If the operator switch 190 is not activated, the backhoe 140 has to be put into the “over center” position by the method currently used in which the operator must decide when to reverse the direction of the lift cylinder 150. If the position actuated switch 200 or the operator switch 190 are activated independently, there is no effect on the operation of the backhoe 140.

Although reference has been made to the use of the present invention in conjunction with bringing the backhoe portion of a backhoe/loader machine into an “over center” position for the purpose of explanation, it is understood that alternative uses for the control circuit of the invention exist.

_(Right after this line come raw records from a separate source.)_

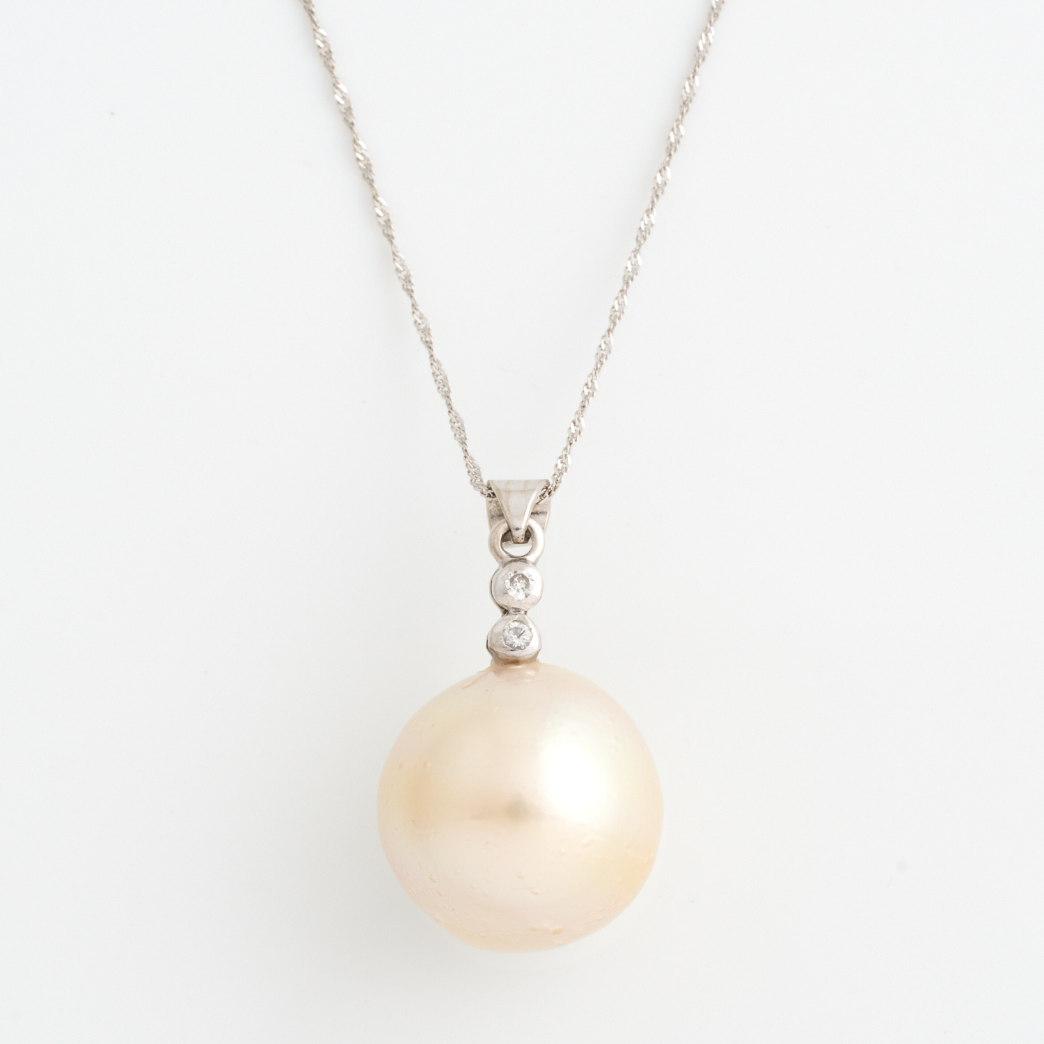 A SOUTH SEA PEARL AND DIAMOND PENDANT IN 18CT WHITE GOLD, THE PEARL MEASURING APPROXIMATELY 16.2MM, THE CHAIN MEASURING 500MM, 7.83GMS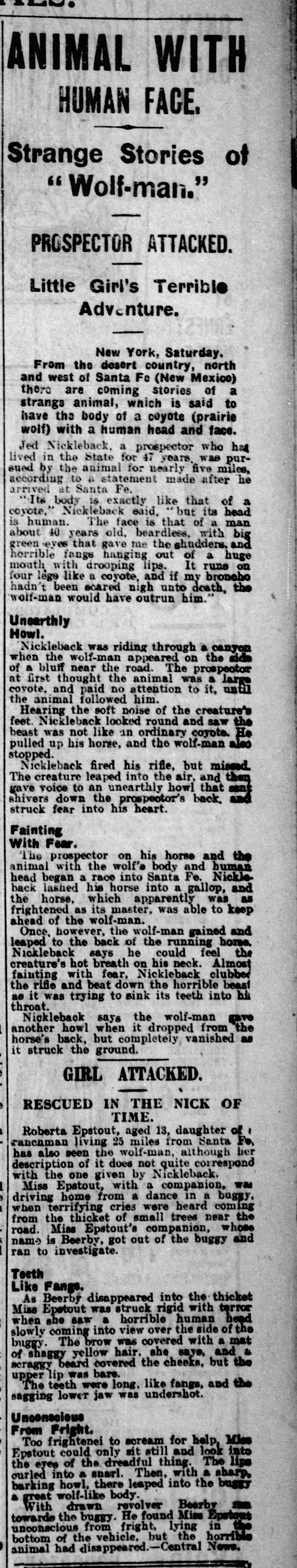 2. Classic line - "If my bronco hadn't been scared nigh unto death, the wolf-man would have outrun him. While the prospector definitively described something canine (and on 4 legs), the girl's story is more ambiguous. Published, of all places, in the Birmingham (England) Evening Despatch on February 16, 1924. And yes, it is spelled "Despatch."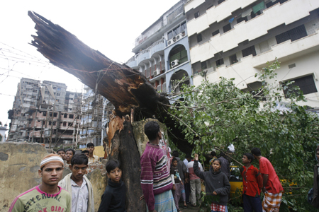 People gather around a fallen tree after a storm in Dhaka November 16,2007. [Agencies]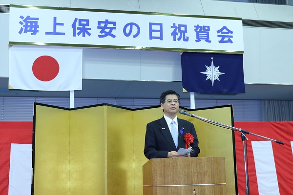 石井大臣は、挨拶のなかで、「最新鋭の装備と、70年に亘り脈々と受け継がれてきた「正義仁愛」の精神をもって、令和という新しい時代においても海の守りに万全を期してほしい」と述べました。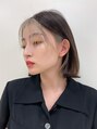 形はシンプルなワンレンボブで丸みのある柔らかい雰囲気ですがフェイスフレーミングとうざバングで今っぽい抜け感のあるスタイルです。ブリーチの範囲が少ないのでトータルのダメージも最小限に明るいカラーが楽しめるのでオススメ☆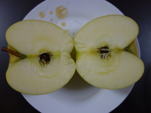 星の金貨というりんごを食べました。生産者が少ない希少価値の高いりんごといわれています。皮が薄くて、皮ごと食べてもきになりませんでした。あいかの香りはシナノゴールドやサンふじのように噛んだ時になシャキシャキとした食感のりんごです。とても甘く、香りも良いです。酸味もほどほどにあって甘さとのバランスが絶妙です。翌日、種を蒔きました。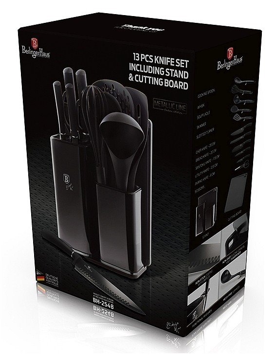 Sada nožů a dalšího kuchýňského náčiní Berlingerhaus Carbon Metallic Line BH-2548 obsahuje celkem 13 ks, které se hodí pro zpracování surovin všeho druhu. Zahrnuje nejčastěji používané pomůcky pro vaření a smažení, které budete mít vždy připravené po ruce. Nechybí zde 20cm kuchařský nůž, 20cm nůž na pečivo, 17,5cm japonský nůž Santoku, 12,5cm univerzální nůž, 9cm loupací nůž, kuchyňské nůžky, polévková naběračka, varná lžíce, naběračka na špagety, skimmer, štěrbinová obracečka, prkénko s integrovaným brouskem a praktický stojánek pro přehledné uložení.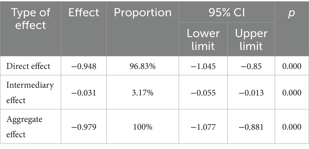 The mediation analysis revealed a significant direct effect of physical activity on depression (β = −0.948, accounting for 96.83% of the total effect). The mediation effect through self-efficacy was also significant (β = −0.031, representing 3.17% of the total effect), with a 95% bootstrap confidence interval of [−0.055, −0.031] excluding zero. These results confirm the mediating role of self-efficacy in the relationship between physical activity and depression, thereby supporting Hypothesis 3.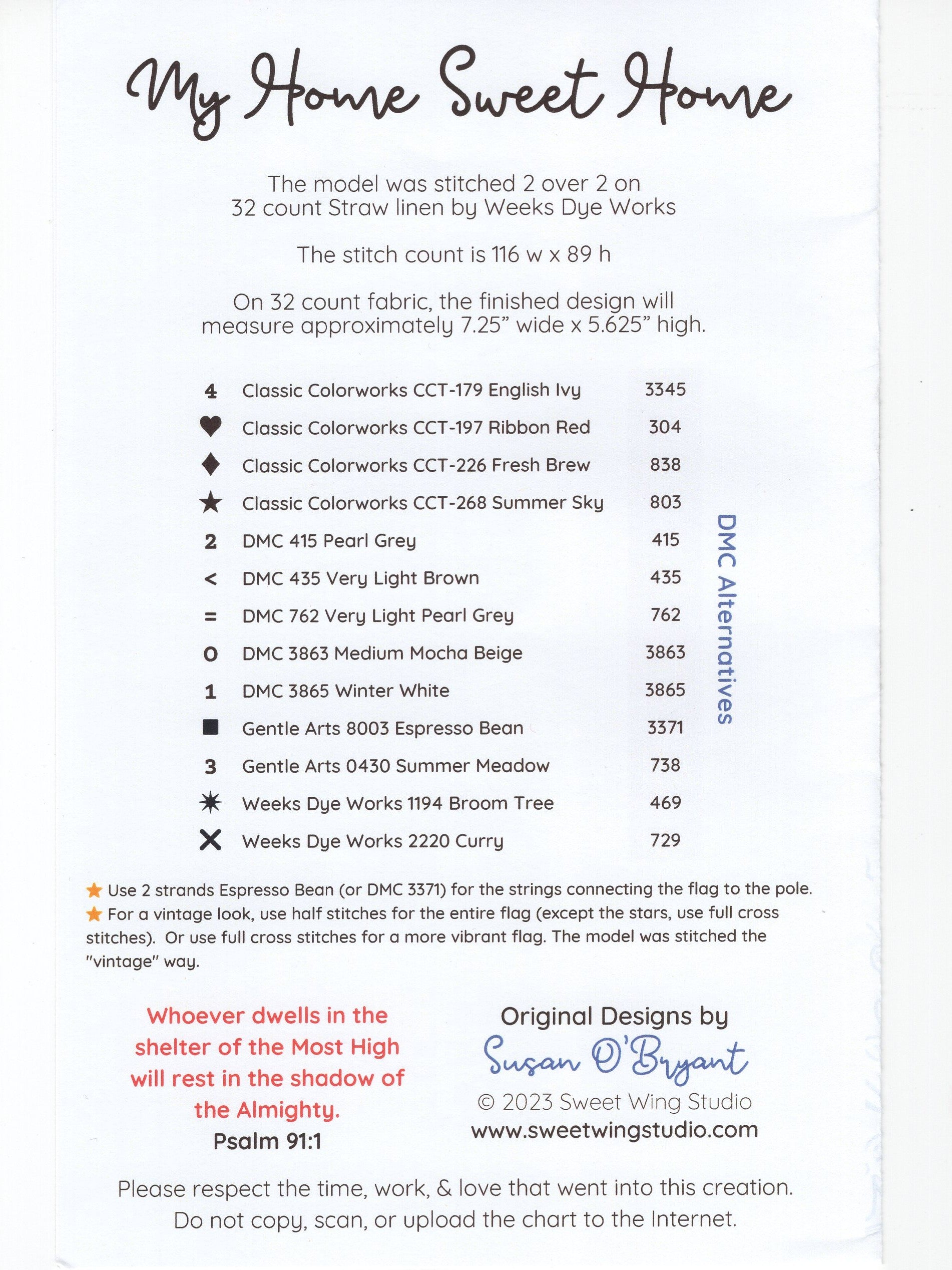 Sweet Wing Studio's My Home Sweet Home was designed by Susan O'Bryant.  The model was stitched on 32 count linen (2 strands over 2 threads)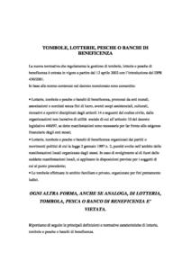 Normativa in tema di tombole, lotterie, pesche o banchi di beneficienza di Amministrazione Sito Pro Loco|Pubblicato 01/02/2017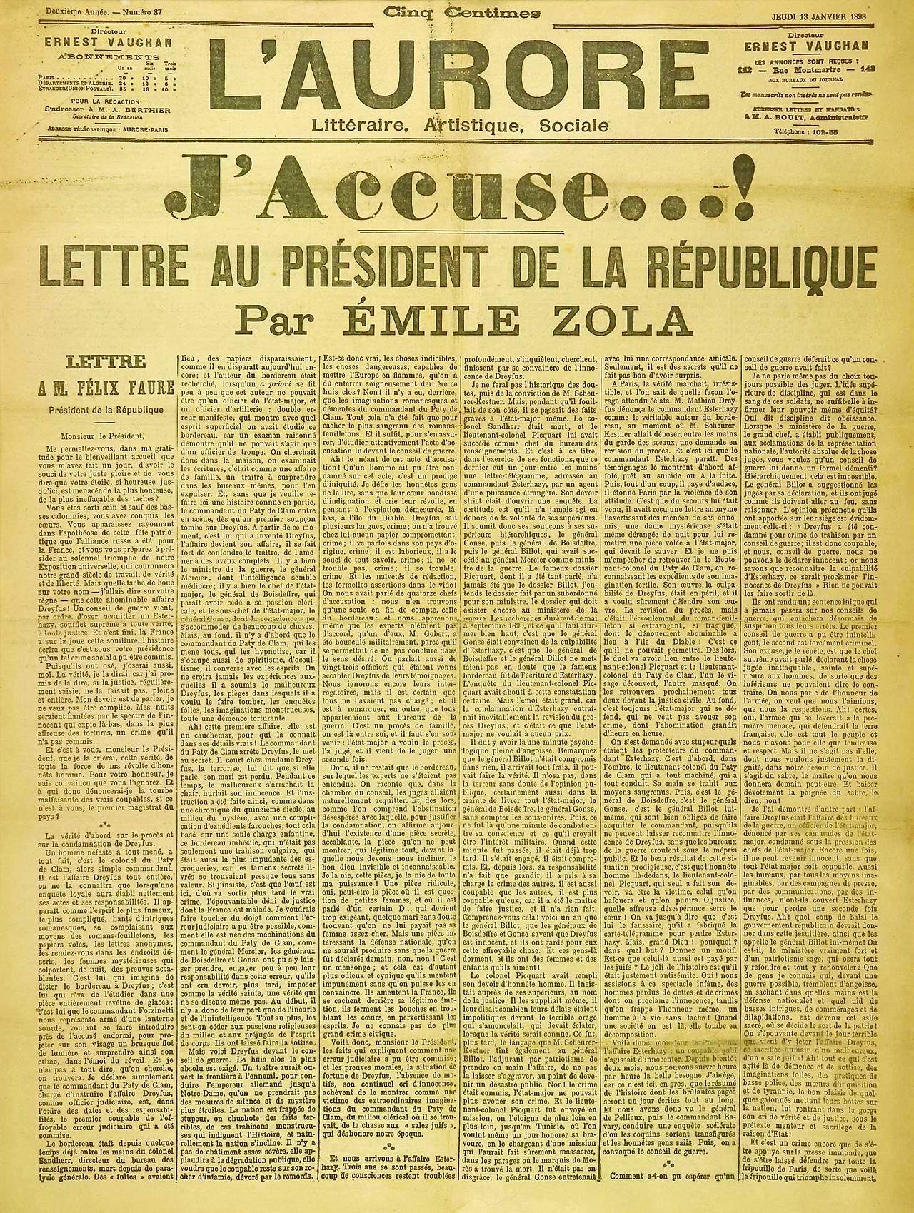오늘날에야 사건의 진실이 명백히 밝혀졌지만, 당시에는 대다수 언론의 자극적인 보도와 반유대주의 분위기가 맞물려 드레퓌스가 유죄라는 주장에 동의하는 사람들도 많았다고 합니다. 그럼에도 불구하고 대표작 <목로주점> 등으로 이미 이름을 널리 알린 소설가였던 에밀 졸라는, 일면식도 없는 드레퓌스를 위해 로로르 신문에 "나는 고발한다"라는 글을 기고합니다.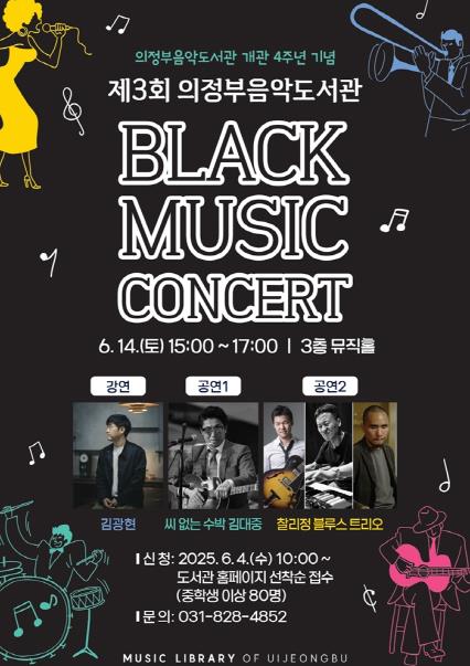 이희숙 도서관과장은 “시민들에게 의미있는 음악 경험을 제공하고자 의정부의 문화 자산인 블랙뮤직을 주제로 콘서트를 기획했다”며 “앞으로도 시민과 예술 전문가가 함께 만들어가는 지역 음악 플랫폼의 역할을 지속해 나가겠다”고 말했다.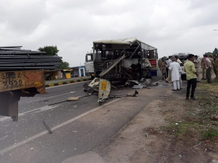 પ્રાપ્ત માહિતી મુજબ આજે સવારે ૧૧ વાગ્યે વડોદરા નવાગામ ડેમ સરકારી બસ નંબર જી.જે ૧૮ ઝેડ ૨૫૨૬ ને ગરૂડેશ્વર ચોકડી પર આવેલા નર્મદા શોરૂમની સામે લોખંડનાં સળિયા ભરેલ કન્ટેનરમાં સરકારી બસ પાછળથી ઘુસી જતાં ભયાનક અકસ્માત સર્જાયો હતો. આ આકસ્માતમાં ડ્રાઈવર અને કંડકટર સહિત બસમાં બેઠેલા અન્ય મુસાફરોને પણ ઈજા પહોંચી હતી. તમામ ઈજાગ્રસ્તોને તત્કાલ ગરૂડેશ્વર સી.એસ.સી. હોસ્પિટલ ખાતે દાખલ કરવામાં આવ્યા હતા.

It also will be apparent to those skilled in the art that various modifications and variations can be made in the design and construction of the control circuit without departing from the scope or spirit of the invention.

Other embodiments of the invention will be apparent to those skilled in the art from consideration of the specification and practice of the invention disclosed herein. It is intended that the specification and examples be considered as exemplary only, with the true scope and spirit of the invention being indicated by the following claims.

Claims

1. In combination with an apparatus having an articulated work arm that is movable to a transport position and a hydraulic operating system therefore, a control circuit comprising:

a solenoid valve operably connected with the work arm hydraulic operating system;

a source of electricity for operating the solenoid; and

a switching mechanism electrically connected in series between the electrical source and the solenoid to control operation thereof, said switching mechanism including a manually actuated operator switch and a position actuated switch located remotely from the operator switch in an operative position associated with the work arm and responsive to the position of the work arm so as to connect the electrical source to the solenoid valve when the operator switch is closed and the work arm is at a preselected position.

2. The control circuit of claim 1 wherein the work arm hydraulic operating system comprises supply lines leading to the work arm and the solenoid valve is positioned between the supply lines.

3. The control circuit of claim 1 wherein the position actuated switch is located on the work arm.

4. The control circuit of claim 1 wherein the preselected location of the work arm is the vertical position.